Brand name: Vellocity Signal™ Capability Slug: marketplace_awareness Plan Tier: Command Credit Cost: 10 / 12 / 15 / 18 / 20 / 35 credits per run (varies by analysis type) Category: Intelligence & Attribution Default mode: gtm_insights Pairs with: AWS Innovation Monitor


Overview

Vellocity Signal turns a single AWS Marketplace article — an announcement, a partner story, an industry signal — into seven different GTM artifacts. Same article, seven angles: an executive read, recommended actions, listing-copy suggestions, co-sell opportunity flags, ready-to-publish social posts, and a partner outreach email.

The capability is article-level, not corpus-level. If you're scanning many feeds to find the article worth digging into, that's AWS Innovation Monitor. Once you've identified the article, Vellocity Signal extracts everything from it.
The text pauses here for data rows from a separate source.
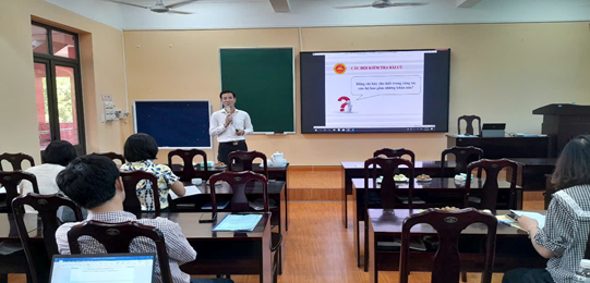 Chiều ngày 03/10, Khoa Xây dựng Đảng tổ chức thông qua bài “Công tác dân vận của tổ chức cơ sở đảng” thuộc phần học Xây dựng Đảng, chương trình Trung cấp lý luận chính trị cho đồng chí Nguyễn Văn Thông, giảng viên của khoa. Tham dự buổi thông qua bài có sự tham dự đông đủ của các giảng viên trong khoa; đồng chí Nguyễn Đình Hoàng - Trưởng khoa chủ trì.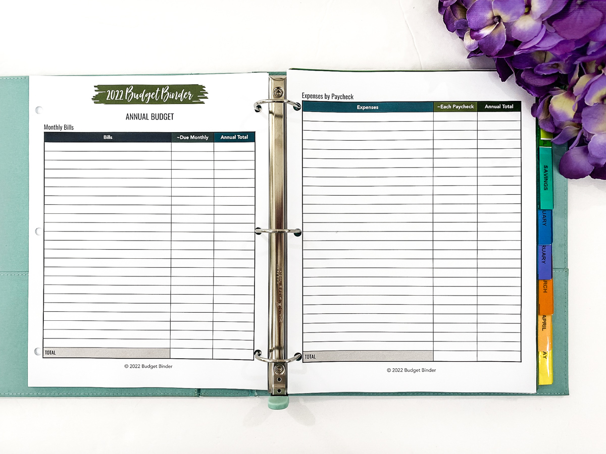 The 2022 Budget Binder, based off of Dave Ramsey’s financial principles, will help you budget by paycheck, build your savings, pay off debt, and give yourself permission to spend!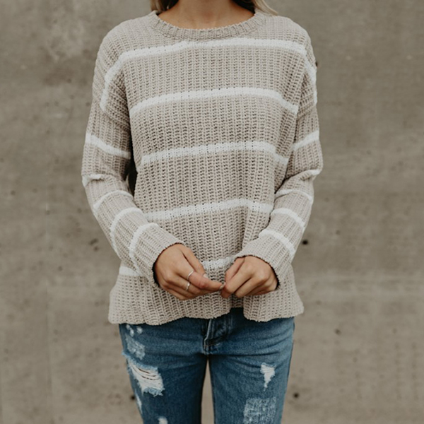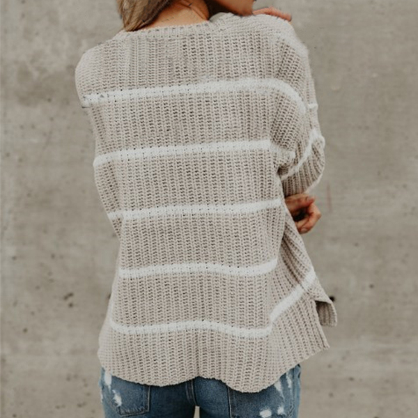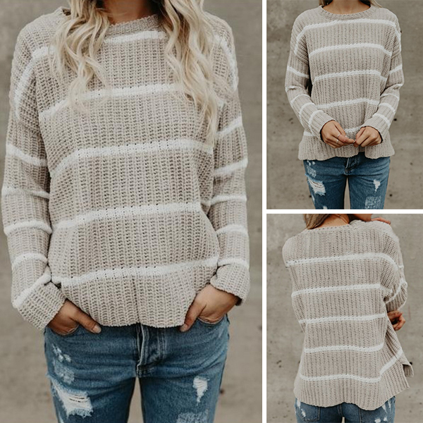 In these chilly days,sweater is a must-have item. So how about this piece? Striped style,finished with long sleeve,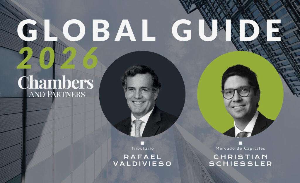En el reciente lanzamiento de la edición 2026 de Global Guide de Chambers and Partners, nuestros socios Rafael Valdivieso y Christian Schiessler, fueron nuevamente reconocidos en sus respectivas áreas: Tributario y Mercado de Capitales. Agradecemos el permanente respaldo de nuestros clientes y la valoración a nuestro trabajo. Estos reconocimientos refuerzan nuestra misión de entregar siempre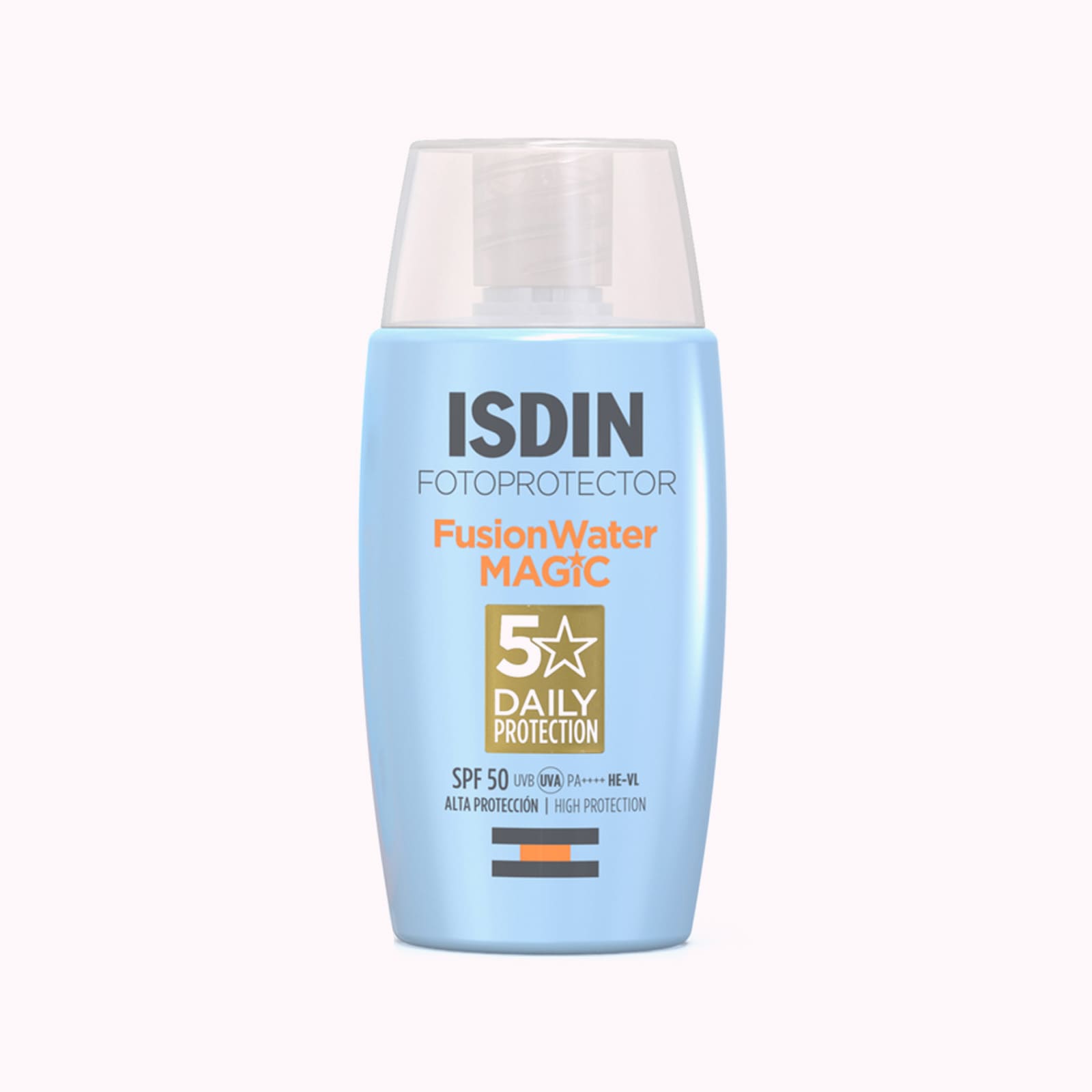 ضدآفتاب فیوژن واتر مجیک ایزدین یکی از انواع ضد آفتاب های برند ایزدین است که بافتی فوق العاده سبک و زود جذب روی پوست داشته و برای استفاده روزانه ایده آل است. این ضد آفتاب علاوه بر محافظت بالا از پوست در برابر اشعه های مضر نور خورشید با SPF50، پوست را رطوبت رسانی کرده، چربی آن را کنترل میکند و دارای خاصیت آنتی اکسیدانی است. ضد افتاب ایزدین مجیک برای پوستهای چرب ایده آل است، فاقد روغنهای معدنی است، جلوهای کاملا مات روی پوست دارد و احساس چربی و سنگینی ایجاد نمیکند.

How it relates to AWS Innovation Monitor

Capability Scope Best for
AWS Innovation Monitor (aws_innovation_monitor) Corpus-level — scans many feeds, scores updates against partner profiles "Which AWS announcement matters this week?"
Vellocity Signal (marketplace_awareness) Article-level — deep multi-angle analysis on one article "Now extract everything from that announcement."
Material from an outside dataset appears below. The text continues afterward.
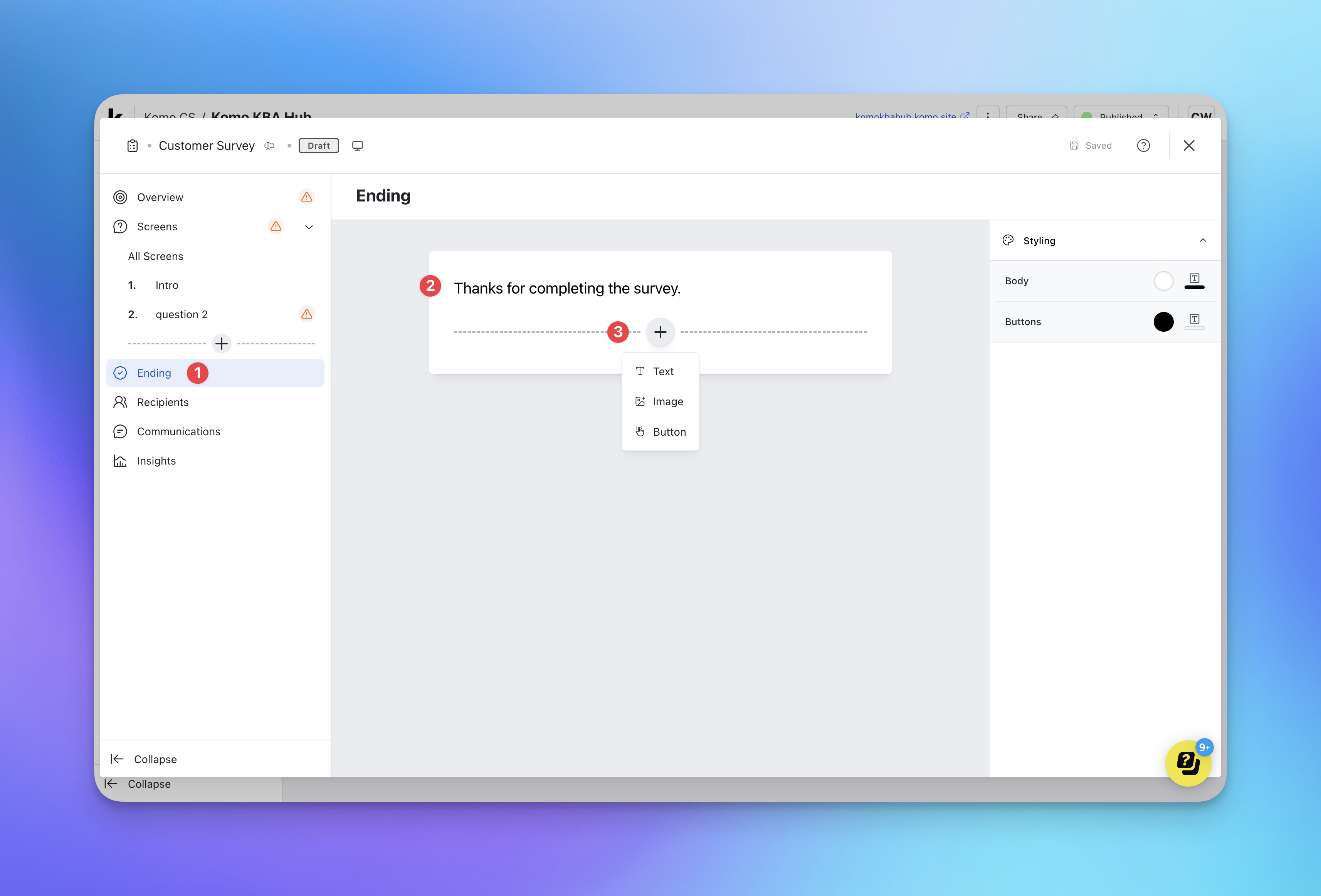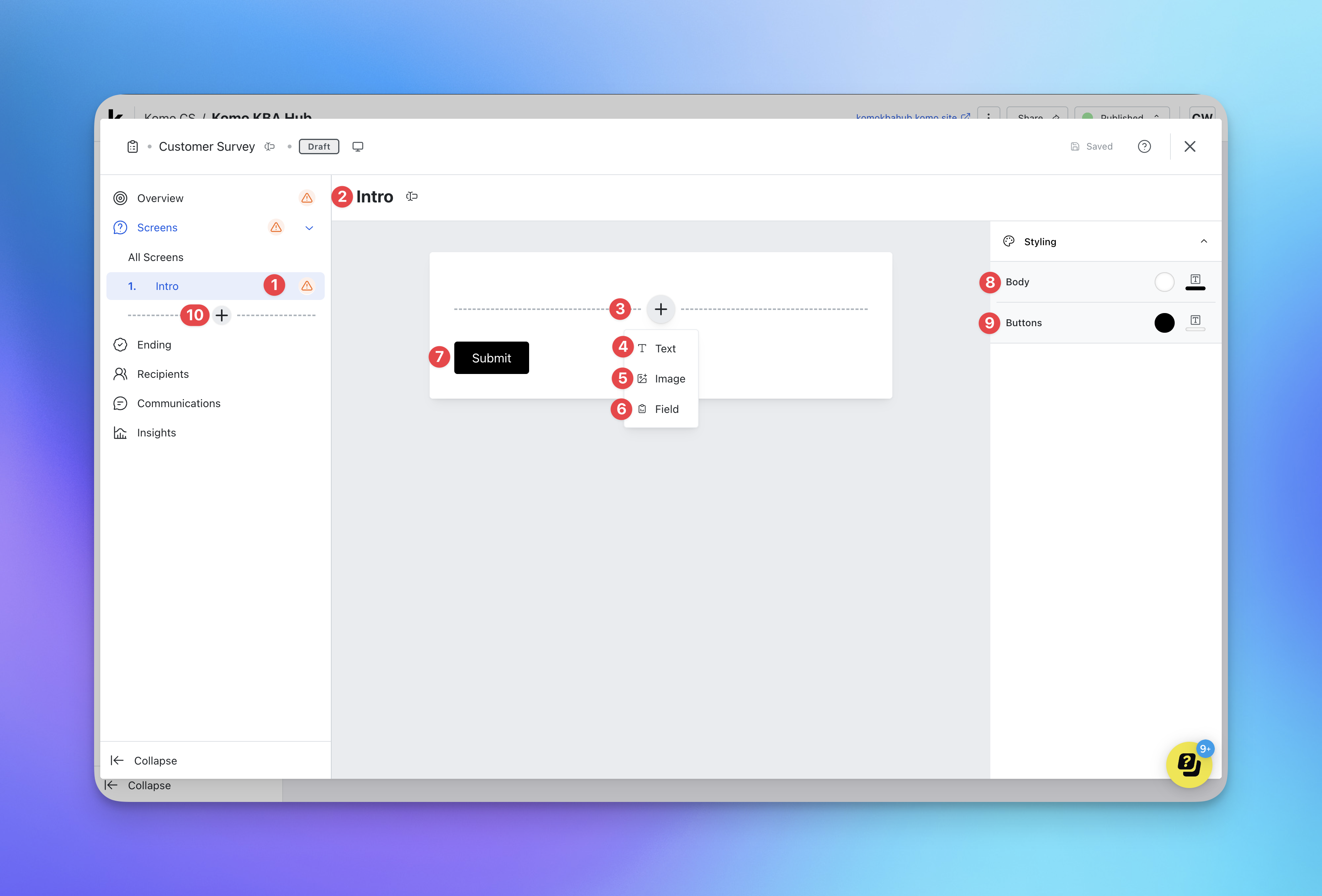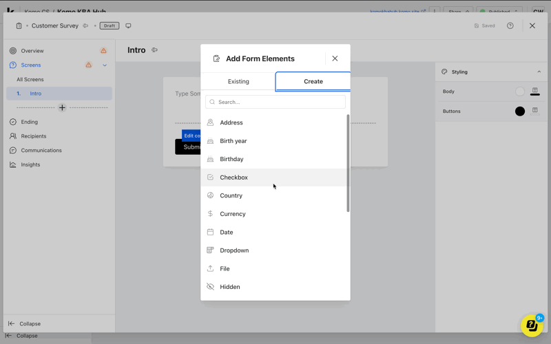 Using Komo’s Surveys tool, you can create and customize surveys with flexible screens and question types, then distribute them via unique links to capture insights within the flow of engagement. Read on to learn how to set yours up.

Run them in sequence: Innovation Monitor surfaces a relevant update; Vellocity Signal turns that one update into a launch-ready GTM kit. Or run Vellocity Signal directly on any article URL when you know what you want to analyze.


The seven analysis types

Type Credits Output focus
gtm_insights (default) 15 Executive summary, seller impact, market implications, strategic considerations, urgency level, affected categories
cta_recommendations 12 Immediate actions, short-term strategy, long-term positioning, risk mitigation, competitive advantage framing
listing_optimization 18 should_update flag + priority, title/description suggestions, keyword opportunities, messaging adjustments, feature highlights, compliance considerations
cosell_opportunities 20 opportunity_detected flag + type, integration signals, partnership trends, AWS program mentions, target partners, recommended outreach, ACE eligibility impact
social_post 10 LinkedIn post + Twitter post (each with text, hashtags, character count), shared talking points, CTA
partner_email 12 Subject line, body, CTA, tone, urgency, follow-up suggestion
comprehensive 35 All six modes combined in one response (~60% of the per-mode total of 87 credits)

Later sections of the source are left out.